By Simbi Oyedele
Donald J. Trump is calling for a “total and complete shutdown of Muslims entering the United States until our country’s representatives can figure out what is going on,” a recent campaign press release said.
“Without looking at the various polling data, it is obvious to anybody the hatred is beyond comprehension. Where this hatred comes from and why we will have to determine,” Trump said, according to the release. “Until we are able to determine and understand this problem and the dangerous threat it poses, our country cannot be the victims of horrendous attacks by people that believe only in Jihad and have no sense of reason or respect for human life.”
Meanwhile, White House Deputy National Security Adviser Ben Rhodes responded to Trump’s statement by saying, “It’s totally contrary to our values as Americans.”
As a Muslim, this issue hits close to my heart.
In 1999, my mother came to the United States from Nigeria, a year after my birth. Two years later, my three sisters and I came, along with my dad. We came to the United States for a better life. It saddens me to witness discrimination against those who are Muslim.
My religion is not one of hatred and violence. In my faith, I believe “asalam alaykum” which means “peace to you.” We practice love. My mosque has so many programs to help others. For example, we collect food for the homeless in the community.
Still, one of the top groups that are discriminated against over the years in America is Muslims. The indication of these phenomena appears to have been on the rise in recent years after 9/11. Many Muslims experience discrimination outside their homes — being called a terrorist, getting threats from non-Muslims and being harassed at work.

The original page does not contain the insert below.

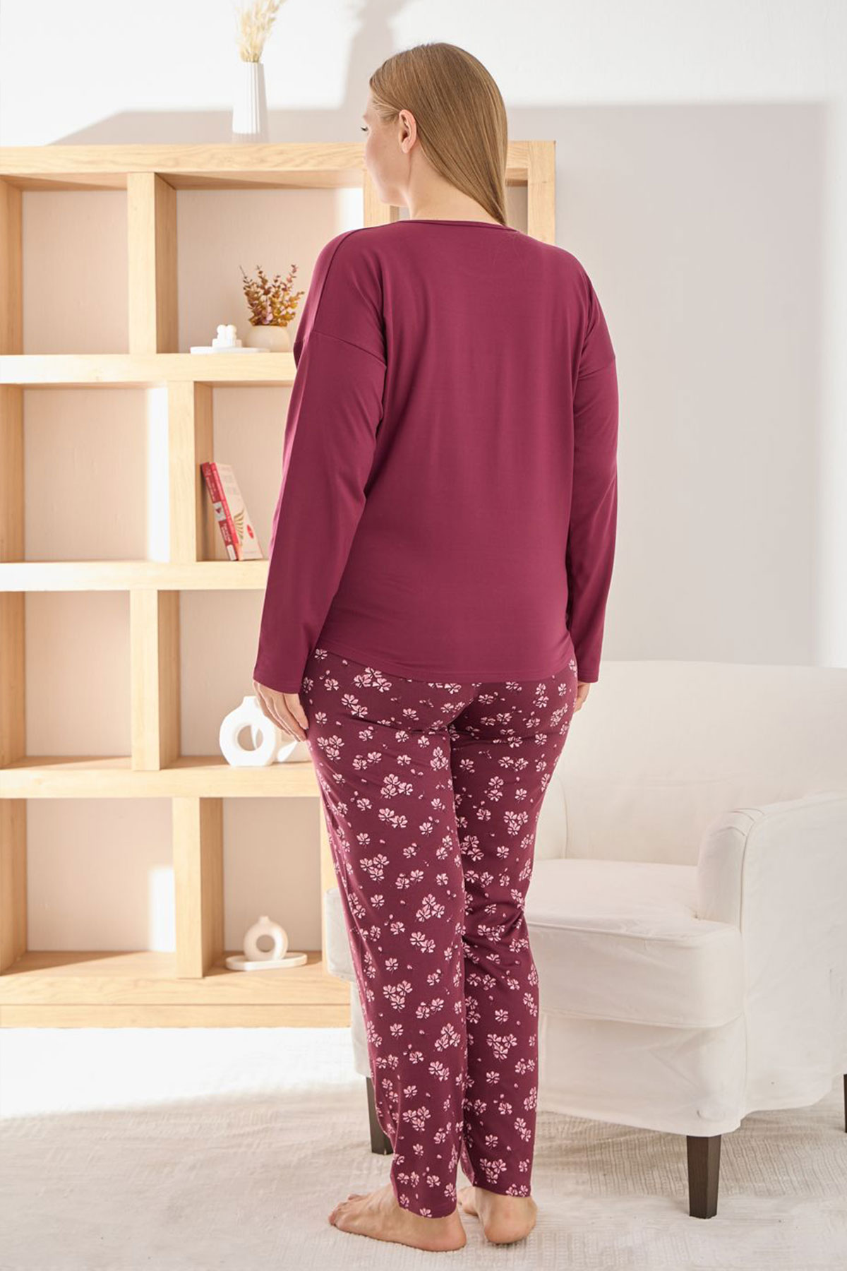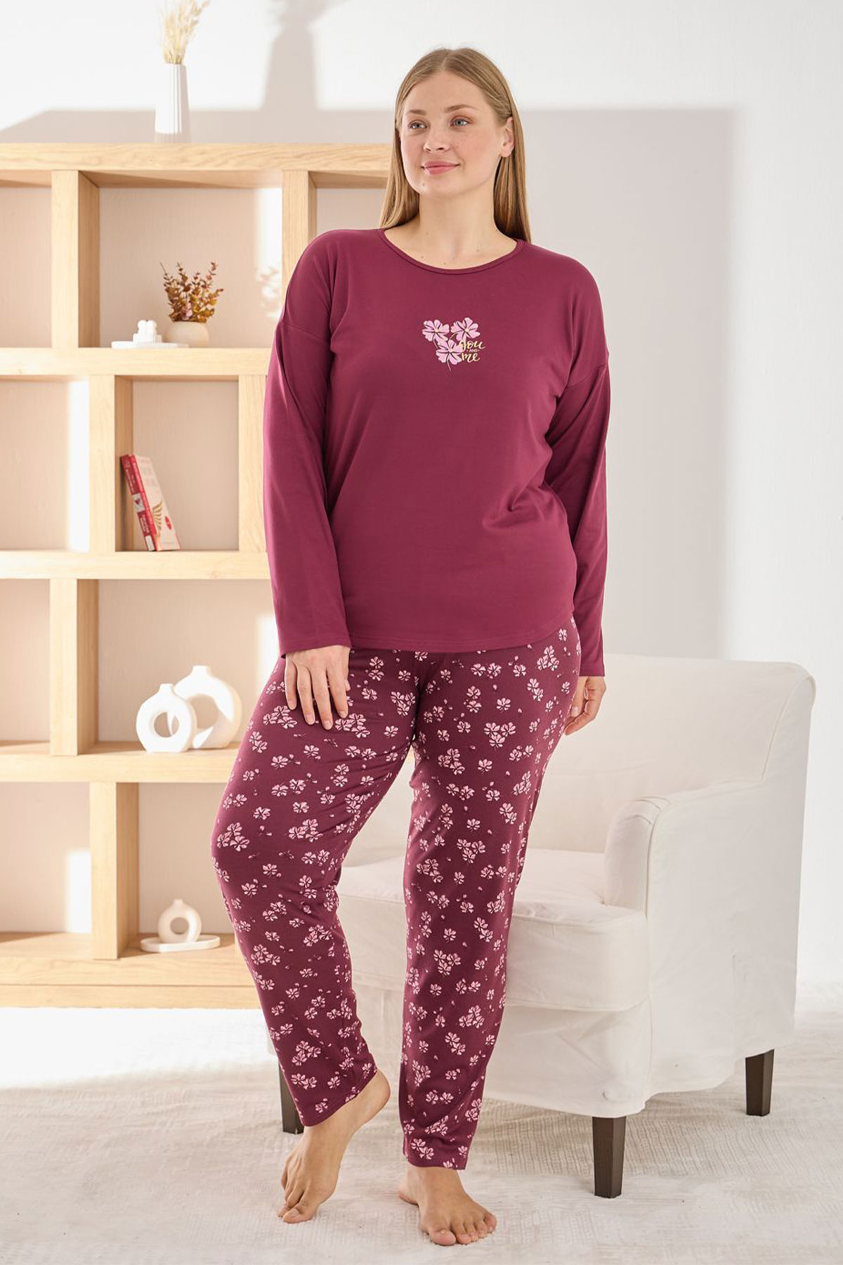 Pijamoni Kadın Pijama Takımı Uzun Kollu Bisiklet Yaka Büyük Beden Sofia Çiçekli - Mürdüm

Senior Sam Sawadogo is Muslim and said his religion, Islam, is “not a violent religion.”
“It’s about peace and the belief of God,” Sawadogo said. “Muslims are not terrorists; many people in this country discriminate against them while the majority of Muslims only seek peace.”
There is a strong understanding among many Muslims that, when it comes to racial minorities, it doesn’t matter if you’re a Kosovar Muslim, a Chechen Muslim, a Black Muslim, a white Muslim, a Kashmiri Muslim or a Somali Muslim, you will still be treated like you’re a bad person.
One of the most important and overlooked facts about American Muslims is that they are not all uniformly religious and dedicated. Some are religiously dedicated, some are religiously moderate and some are non-practicing and non-religious, fundamentally Muslim in name only; similar to a good portion of U.S. Christians and Jews.
Some attend mosque on a weekly basis and pray every day, while others don’t engage in either practice. There is a huge difference between a high-minded Muslim and an Islamic extremist.
Even though the U.S is supposed to be a safe place to practice your religion, many Americans view Islam as a religion of violence. Part of this perception is because Muslims dress differently and have different religious views from the majority of American Christians.
The Muslim’s everyday living styles are actually very comparable to the Christian’s. If people took the time to know more about their Muslim neighbors and their personal lives, instead of the bad things they watch on the news, they would see that although we are different, we have a lot of common ground. In addition, it doesn’t help that the movies even portray Muslims as the bad guys, which further enhances the American people’s negative view.
It seems the Muslim community remains mute while radical Muslims kill and torture Christians and Jews in the name of the religion. Islam is supposed to be a religion of peace, but because of disasters caused by Islamic terrorist groups like ISIS and al-Qaeda, all of the Muslim population are victimized as terrorists and murderers.
As a Muslim, let me make it loud and clear. I want peace for all people.